On the other hand, those who have analyzed Palauan as SVO necessarily reject the pro-drop analysis, instead analyzing the subject agreement morphemes as subject pronouns. In the preceding example, SVO-advocates assume that there is no pro and that the morpheme ak is simply an overt subject pronoun meaning 'I'. One potential problem with this analysis is that it fails to explain why overt (3rd person) subjects occur clause-finally in the presence of a co-referring 3rd person "subject pronoun" --- treating the subject pronouns as agreement morphemes circumvents this weakness. Consider the following example.

Example 2: Ng milenga er a ringngo a Satsuko. (means: 'Satsuko was eating the apple.')

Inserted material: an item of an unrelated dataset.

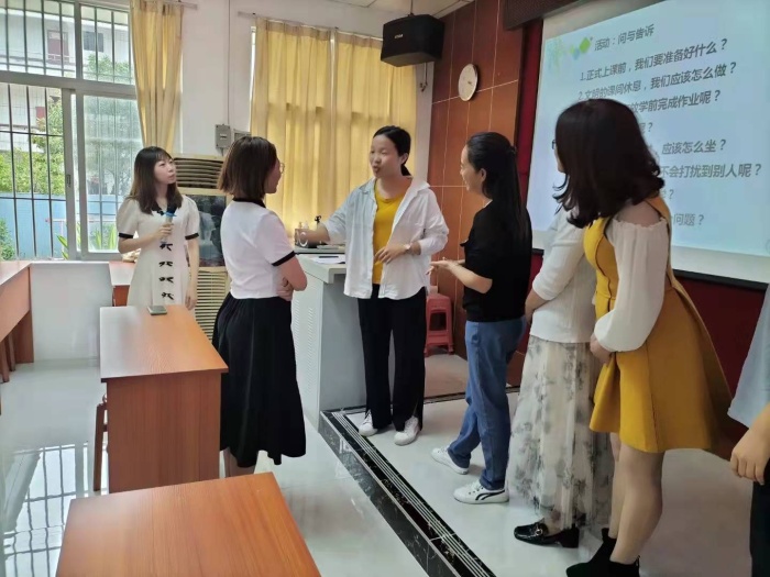 期間,吳丹婷老師請現(xiàn)場一位老師扮演孩子,真切體驗了一次被“鼓勵”與被“表揚(yáng)”。通過情景模擬,對孩子說傷害的話語和鼓勵的話語,讓模擬孩子的老師說說自己的感受和想法,從而使老師們更加了解孩子的內(nèi)心世界,也明白今后在教學(xué)中運(yùn)用哪種方法更有效。

Proponents of the SVO analysis must assume a shifting of the subject a Satsuko 'Satsuko' from clause-initial to clause-final position, a movement operation that has not received acceptance cross-linguistically, but see Josephs 1975 for discussion.

==Palauan phrases==
Some common and useful words and phrases in Palauan are listed below, with their English translations.

| Palauan | English |
|---|---|
| Alii! | Hello! |
| Ungil tutau. | Good morning. |
| Ungil sueleb. | Good afternoon. |
| Ungil kebesengei. | Good evening. |
| A ngklek a ___. | My name is ___. |
| Ng techa ngklem? | What's your name? |
| Ke ua ngerang? | How are you? |
| Ak mesisiich. | I'm fine. |
| Ak chad er a ___. | I'm from ___. |
| Belau | Palau |
| Merikel | U.S. |
| Ingklis | England |
| Siabal | Japan |
| Sina | China |
| Ke chad er ker el beluu? | Where are you from? |
| Ke mlechell er ker el beluu? | Where were you born? |

| Palauan | English |
|---|---|
| Ak mlechell er a ___. | I was born in ___. |
| Ng tela a rekim? | How old are you? |
| Ng ___ a rekik. | I am ___ years old. |
| Ng tela a dengua er kau? | What's your phone number? |
| A dengua er ngak a ___. | My phone number is ___. |
| Ke kiei er ker? | Where do you live? |
| Ak kiei er a ___. | I live ___. |
| Chochoi. | Yes. |
| Ng diak. | No. |
| Adang. | Please. |
| Sulang. | Thank you. |
| Ke mo er ker? | Where are you going? |
| Mechikung. | Goodbye. |
| Meral ma sulang! | Thank you very much! |
| A klebokel el bung | pretty flower. |

==Palauan numerals==
1 to 10:
1. tang
2. erung
3. edei
4. euang
5. eim
6. elolem
7. euid
8. eai
9. etiu
10. tacher

Palauans have different numbers for different objects. For example, to count people, it is: tang, terung, tedei, teuang, teim, telolem, teuid, teai, tetiu, and teruich. Traditionally, there were separate counting sets for people, things, counting, ordinals, bunches of bananas, units of time, long objects, and rafts; however, several of these are no longer used.

== Sample text ==
Article 1 of the Universal Declaration of Human Rights in Palauan:A rogui 'l chad el mechell a ngarngii a ilmokl er tir ra diosisiu el llemalt. Ngarngii er tir a uldesuir mete mo meruul el mo rar bebil lokiu a ungil 'l omeruul ra klauchad.Article 1 of the Universal Declaration of Human Rights in English:All human beings are born free and equal in dignity and rights. They are endowed with reason and conscience and should act towards one another in a spirit of brotherhood.